Магиер Лебиус — страница 26 из 52

Дипольд задумался. Согласиться? Не согласиться?

Мартин продолжал:

– В общем, просто так здесь умереть не дадут никому. Умирающего или слишком ослабевшего добьют пренепременно. И раненого, и искалеченного тоже добьют – на всякий случай. Да вы и сами видели, ваша светлость, что случилось с Сипатым.

Дипольд видел.

– Что еще карается мастераторией?

– Самоубийство.

– Как это?!

– А все так же: наложит какой-нибудь бедолага на себя руки – и всю клеть гонят к Лебиусу. Так что друг за другом в общих клетках присмотр постоянный. Захочешь сам свести счеты с жизнью – не получится. Помощники обязательно сыщутся. Еще за каннибализм тоже спрос со всей камеры…

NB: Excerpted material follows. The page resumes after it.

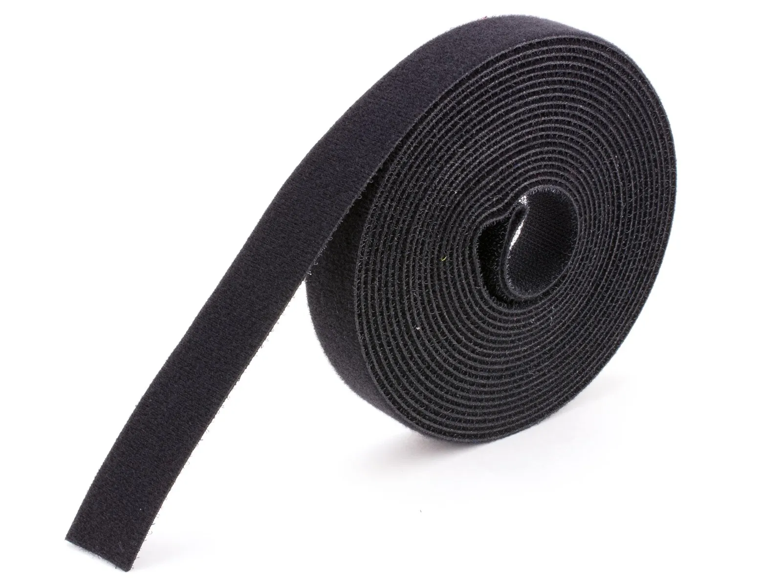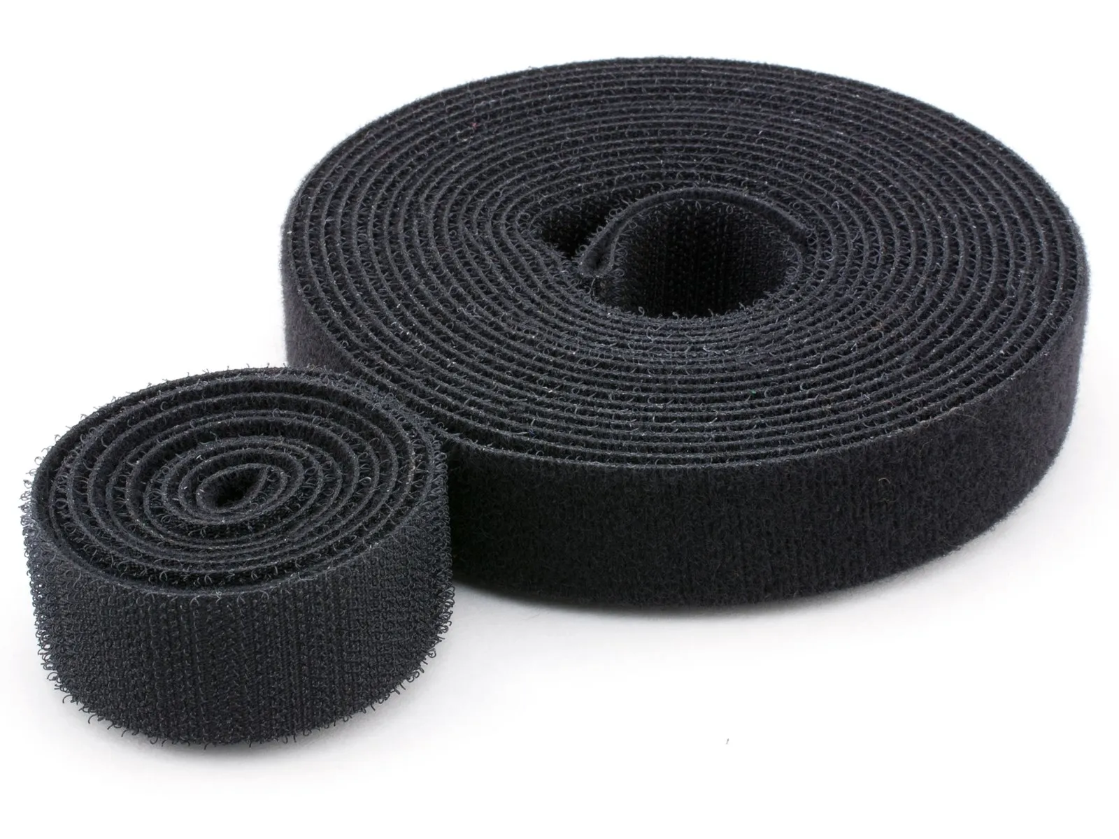 3/4 Inch Continuous Black Hook and Loop Wrap - 5 Yards

– Неужто и до такого доходит? – поразился Дипольд.

– Бывает. Редко, но случается. Я говорил ведь, в общих клетках жизнь несытная, а люди там – что звери. От жажды-то здесь не умирают – даже если воду не дадут, на стенах влага от испарений постоянно скапливается. Ее слизывают с камня, тем и обходятся. А вот голод… От голода порой и рассудка лишаются.

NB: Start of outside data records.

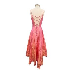 Features: 100% acetate fabric in a iridescent pink. Sleeveless. Square neckline. Lace up back detail. Maxi Length. Zip closure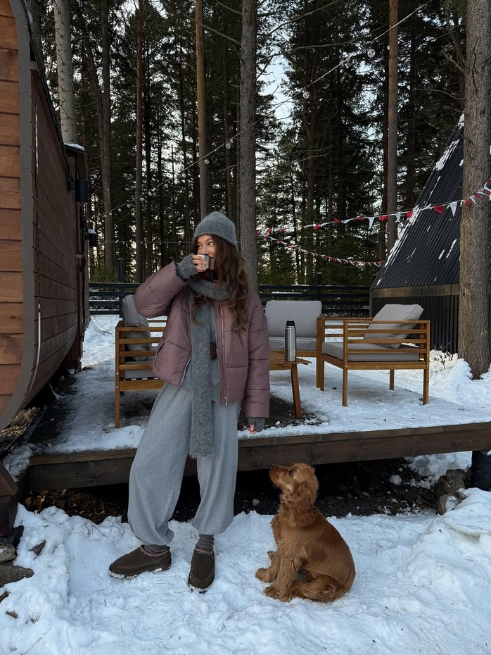 리조트에서 보내는 ‘힐링 데이’는 어떨까요? 그레이 스웨트 팬츠에 톤온톤으로 니트를 맞춰 입는 순간 이미 휴가 모드에 돌입하게 됩니다. 그레이 톤의 미묘한 차이가 편안함에 깊이를 더해주고, 여기에 퍼 아우터나 패딩 재킷을 매치하면 완벽하게 포근해져요. 두꺼운 헤드 밴드나 비니, 볼캡 등 액세서리만 바꿔도 분위기가 달라져서 그날그날 기분에 따라 새롭게 연출하기 좋죠.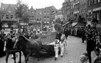 Markt, optocht met versierde wagens n.a.v. de bevrijding -

– Вкусить человеческого мяса – преступление перед Господом, – покачал головой пфальцграф.

– Как и самоубийство, – согласился Мартин. – Только тут другие правила, ваша светлость. Сожрать кусок человечины – преступление против собственности господина маркграфа. Сипатый вам правду говорил: здешние узники – вечная собственность Альфреда Оберландского. И при жизни, и после смерти. А портить маркграфское добро не дозволено никому. Убивать – это пожалуйста, это сколько угодно. Убивать можно и руками, и ногами, и зубами, если у кого остались. Но пожирать убитого – не смей. Трупу найдут более подходящее применение в магилабор-зале.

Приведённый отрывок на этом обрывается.